Gen EGM (Noah Bagazinski and Kristen Edwards): Making knowledgeable socioeconomic improvement insurance policies requires proof and knowledge. Gen EGM’s massive language mannequin system expedites the method by analyzing and analyzing literature, after which produces an proof hole map (EGM), suggesting potential impression areas.
Mattr AI (Leandra Tejedor, Katie Chen, and Eden Adler): Datasets which might be used to coach AI fashions typically have problems with range, fairness, and completeness. Mattr AI addresses this with generative AI with a big language mannequin and steady diffusion fashions to enhance datasets.
Neuroscreen (Andrew Lu, Chonghua Xue, and Grant Robinson): Screening sufferers to doubtlessly be a part of a dementia scientific trial is expensive, typically takes years, and largely outcomes in an ineligibility. Neuroscreen employs AI to extra shortly assess sufferers’ dementia causes, resulting in extra profitable enrollment in scientific trials and therapy of situations.
The Data Provenance Initiative (Naana Obeng-Marnu, Jad Kabbara, Shayne Longpre, William Brannon, and Robert Mahari): Datasets which might be used to coach AI fashions, significantly massive language fashions, typically have lacking or incorrect metadata, inflicting concern for authorized and moral points. The Data Provenance Initiative makes use of AI-assisted annotation to audit datasets, monitoring the lineage and authorized standing of information, enhancing knowledge transparency, legality, and moral issues round knowledge.
Theia (Jenny Yao, Hongze Bo, Jin Li, Ao Qu, and Hugo Huang): Scientific analysis, and on-line dialogue round it, typically happens in silos. Theia’s platform goals to carry these partitions down. Generative AI know-how will summarize papers and assist to information analysis instructions, offering a service for students in addition to the broader scientific neighborhood.

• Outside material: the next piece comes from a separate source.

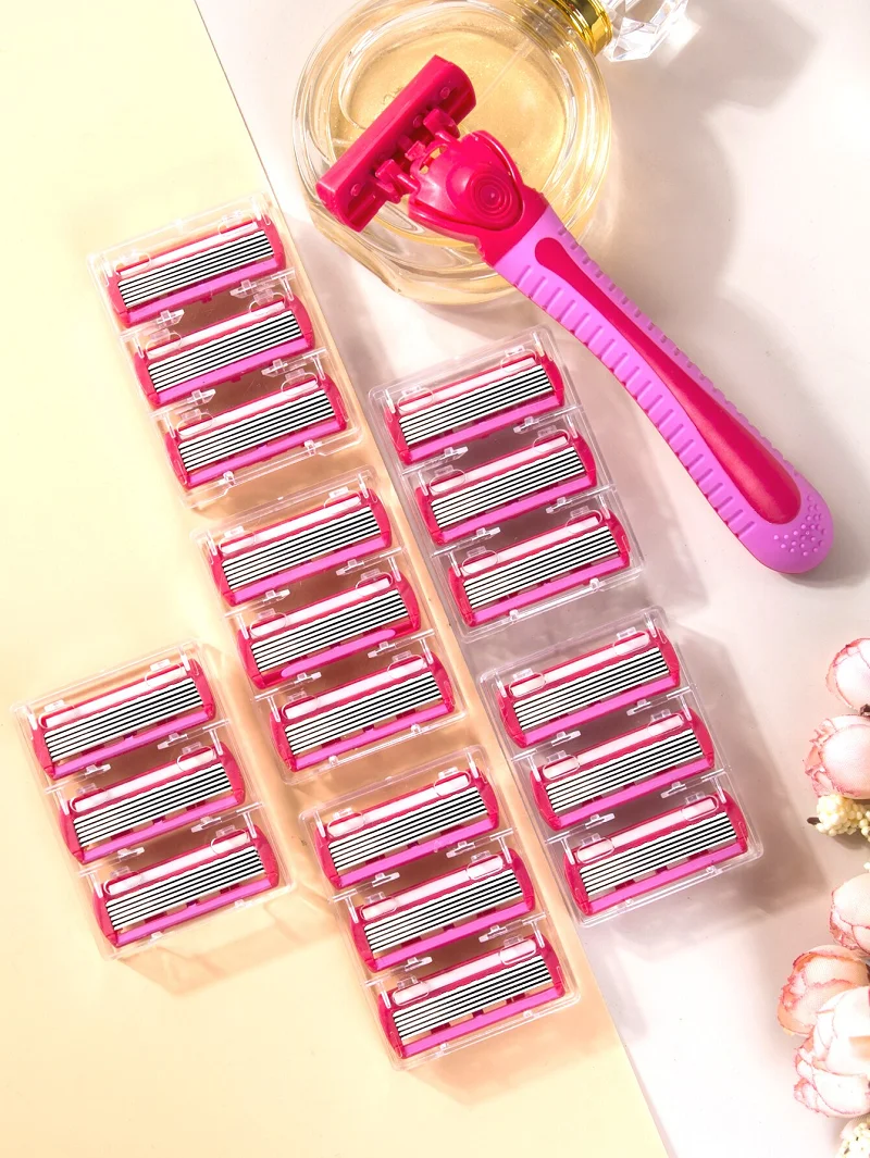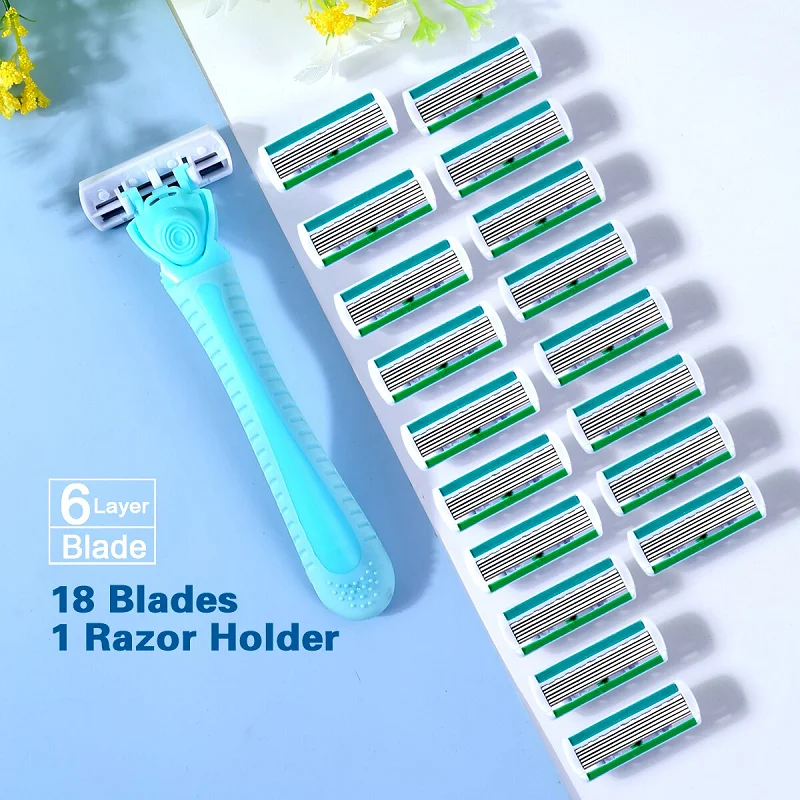 1 Handle + 18 Blades/ Women Manual Safety Razor 6-Layer Stainless Steel Hair Removal Shaving Blades Replaceable Shaver Head

After the MIT Ignite competition, all 12 groups chosen to current had been invited to a networking occasion as a direct first step to creating their ideas and prototypes a actuality. Additionally, they had been invited to additional develop their ideas with the help of the Martin Trust Center for MIT Entrepreneurship by means of StartMIT or MIT Fuse and the MIT-IBM Watson AI Lab.
“In the months since I’ve arrived [at MIT], I’ve learned a lot about how MIT folks think about entrepreneurship and how it’s really built into everything that everyone at the Institute does, from first-year students to faculty to alumni — they are really motivated to get their ideas out into the world,” mentioned President Kornbluth. “Entrepreneurship is an essential element for our goal of organizing for positive impact.”